Las llamas desgarraban, ya en jirones, las tinieblas de la noche, creando sombras y siluetas fantásticas al mover manos y brazos el incansable soldado egipcio que hacía de presunto cronista histórico. Tenía cautivados a cientos de niños y jóvenes axumitas que, presos de su poderoso verbo, de aquella voz grave y muy bien timbrada, permanecían tan atónitos como si fueran zombis hipnotizados por su poder.
Así fueron transcurriendo las últimas horas de aquella singular vigilia, confundiéndose con los colores anaranjados del alba que anunciaba el regreso de Ra y el de Nebej. Ahora, la fama del gran sumo sacerdote de Amón-Ra y de sus guerreros, «venidos de más allá de este mundo», se había hecho tan real que nadie de entre los axumitas dudaba de su poder; incluso acaba de entrar en la leyenda para posteriores generaciones.

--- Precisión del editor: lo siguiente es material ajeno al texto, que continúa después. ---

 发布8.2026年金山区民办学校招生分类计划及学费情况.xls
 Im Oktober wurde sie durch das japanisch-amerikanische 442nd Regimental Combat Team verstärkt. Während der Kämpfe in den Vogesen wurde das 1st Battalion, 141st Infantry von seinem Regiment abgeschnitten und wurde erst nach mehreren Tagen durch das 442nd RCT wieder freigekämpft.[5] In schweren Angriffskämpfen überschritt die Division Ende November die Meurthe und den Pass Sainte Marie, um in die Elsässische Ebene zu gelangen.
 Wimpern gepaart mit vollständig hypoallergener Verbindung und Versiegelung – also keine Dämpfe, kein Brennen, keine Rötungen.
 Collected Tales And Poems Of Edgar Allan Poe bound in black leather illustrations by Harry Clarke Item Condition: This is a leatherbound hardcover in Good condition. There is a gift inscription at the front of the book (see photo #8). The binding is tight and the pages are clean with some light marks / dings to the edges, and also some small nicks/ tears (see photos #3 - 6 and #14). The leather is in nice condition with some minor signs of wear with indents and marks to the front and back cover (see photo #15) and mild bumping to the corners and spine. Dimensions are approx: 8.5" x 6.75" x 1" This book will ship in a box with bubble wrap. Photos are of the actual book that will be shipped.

El campamento egipcio fue desmontado con suma meticulosidad. Los soldados formaron en ordenados cuadros, como hicieron para llegar ante las murallas de Axum, y esperaron las órdenes de sus superiores con total estoicidad.

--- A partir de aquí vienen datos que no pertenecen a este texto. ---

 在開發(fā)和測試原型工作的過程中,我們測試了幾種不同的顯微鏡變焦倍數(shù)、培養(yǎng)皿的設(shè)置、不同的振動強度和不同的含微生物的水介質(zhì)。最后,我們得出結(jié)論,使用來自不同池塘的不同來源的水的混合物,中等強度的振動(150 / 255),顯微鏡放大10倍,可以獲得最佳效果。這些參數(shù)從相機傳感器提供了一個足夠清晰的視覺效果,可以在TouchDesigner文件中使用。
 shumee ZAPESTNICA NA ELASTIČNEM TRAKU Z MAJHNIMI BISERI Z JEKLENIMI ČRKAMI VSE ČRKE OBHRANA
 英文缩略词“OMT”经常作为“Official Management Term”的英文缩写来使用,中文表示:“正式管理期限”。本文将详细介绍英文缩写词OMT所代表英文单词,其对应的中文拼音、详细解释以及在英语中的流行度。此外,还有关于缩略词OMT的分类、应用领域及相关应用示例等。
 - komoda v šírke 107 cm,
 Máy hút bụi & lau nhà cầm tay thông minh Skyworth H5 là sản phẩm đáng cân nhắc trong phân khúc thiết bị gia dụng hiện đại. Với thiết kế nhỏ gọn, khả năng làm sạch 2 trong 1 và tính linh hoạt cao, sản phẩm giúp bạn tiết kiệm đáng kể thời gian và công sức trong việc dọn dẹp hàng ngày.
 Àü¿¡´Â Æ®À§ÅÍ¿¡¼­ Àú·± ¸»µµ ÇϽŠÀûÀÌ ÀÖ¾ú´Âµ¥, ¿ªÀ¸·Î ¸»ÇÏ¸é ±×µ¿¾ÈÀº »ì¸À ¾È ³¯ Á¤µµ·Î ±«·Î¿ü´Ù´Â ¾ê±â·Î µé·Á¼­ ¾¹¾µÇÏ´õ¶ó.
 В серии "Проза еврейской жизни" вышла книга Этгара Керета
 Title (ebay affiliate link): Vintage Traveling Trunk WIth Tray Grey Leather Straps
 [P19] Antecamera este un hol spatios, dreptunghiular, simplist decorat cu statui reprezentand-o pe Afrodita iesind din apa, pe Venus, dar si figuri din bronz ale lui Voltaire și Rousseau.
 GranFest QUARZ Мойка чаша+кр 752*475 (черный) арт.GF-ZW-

El gigantesco jefe de la guardia palaciega de la Candace llegó seguido de un numeroso contingente montado a caballo, el cual desmontó en perfecto orden y en silencio, para ceder a los hombres de armas de Nebej sus monturas. Allí estaban los doscientos caballos y cien dromedarios prometidos, todos perfectamente ensillados y listos para partir en cuanto lo ordenase el hijo de Amón.
—¡Soldados del
Peraál
! —gritó Nebej con el corazón henchido de orgullo—. ¡Tomad posesión de vuestras monturas en nombre de Kemoh y de Amón y de Ra! —añadió alzando más su voz, y ahora también sus brazos.
El repiqueteo de las armas y los arneses llenó el aire de un inconfundible sonido castrense. Una poderosa unidad montada del resucitado Ejército egipcio quedó definitivamente conformada. Nebej hizo un elocuente gesto afirmativo con la cabeza y entonces cuatro hombres portando un arca de madera, el precio por la adquisición de los animales, se adelantaron depositándolo ante el mando militar del palacio de la soberana.
—Esto es lo convenido con tu Candace. —Con el brazo extendido señaló la artística caja.
Los cuatro hombres abrieron la tapa y el resplandor de mil monedas de oro, entremezcladas con una docena de grandes rubíes, cegó la visión del poderoso guerrero negro al ser heridas por los rayos del sol. Sus codiciosos ojos brillaban como fuego incandescente en el interior de su formidable prisión de ébano.